- Leagues: NBB
- Founded: 1915 (parent athletic club)
- Arena: Ginásio Álvaro Vieira Lima
- Capacity: 3,000
- Location: Rio de Janeiro, Brazil
- Team colors: White and Red
- President: Paulo Maciel
- Head coach: Miguel Ângelo
- Website: tijucatenis.com.br
| Home | Away |

= Tijuca Tênis Clube =

Tijuca Tênis Clube, abbreviated as Tijuca T.C., is a Brazilian professional basketball club that is based in the Tijuca neighborhood, in the Northern Zone of the city of Rio de Janeiro, Brazil.

==History==
Tijuca's parent athletic association was founded in 1915, initially as a tennis club, with the name Tijuca Lawn Tennis Club. Basketball was introduced later, and became the club's most popular sport. Tijuca has reached the final of the Rio de Janeiro State Championship ten times, losing them all. In 2010, 2011, and 2012, Tijuca lost to Flamengo in the Rio de Janeiro State Finals.

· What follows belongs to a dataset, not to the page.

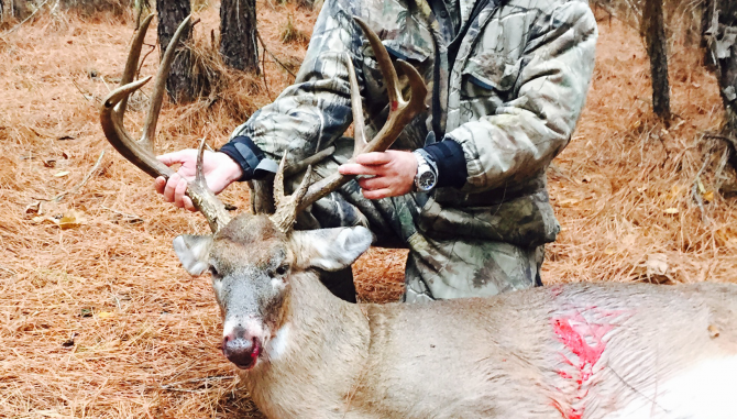 About 15 minutes later, he headed down from his box stand to investigate and found bright red lung blood where the buck had stood, then located it 50 yards away piled up next to a small tree.

In 2011, the team won the Brazilian Super Cup against Liga Sorocabana, and acquired the right to play in Brazil's top-tier level league, the NBB, in the 2011–12 season. In that season, Tijuca finished the regular season in twelfth place in the league. In the playoffs, the team was beaten by Uberlândia.

==Honors and titles==
===National===
- Brazilian Super Cup
  - Winners (1): 2011
- Brazilian 2nd Division
  - Champions (1): 1997

===Regional===
- Rio de Janeiro State Championship
  - Runners-up (10): 1945, 1960, 1961, 1993, 1994, 1995, 1996, 2010, 2011, 2012

==Other sports==
Besides the club's basketball team, Tijuca T.C. also has other sports sections for futsal, swimming, and several other sports.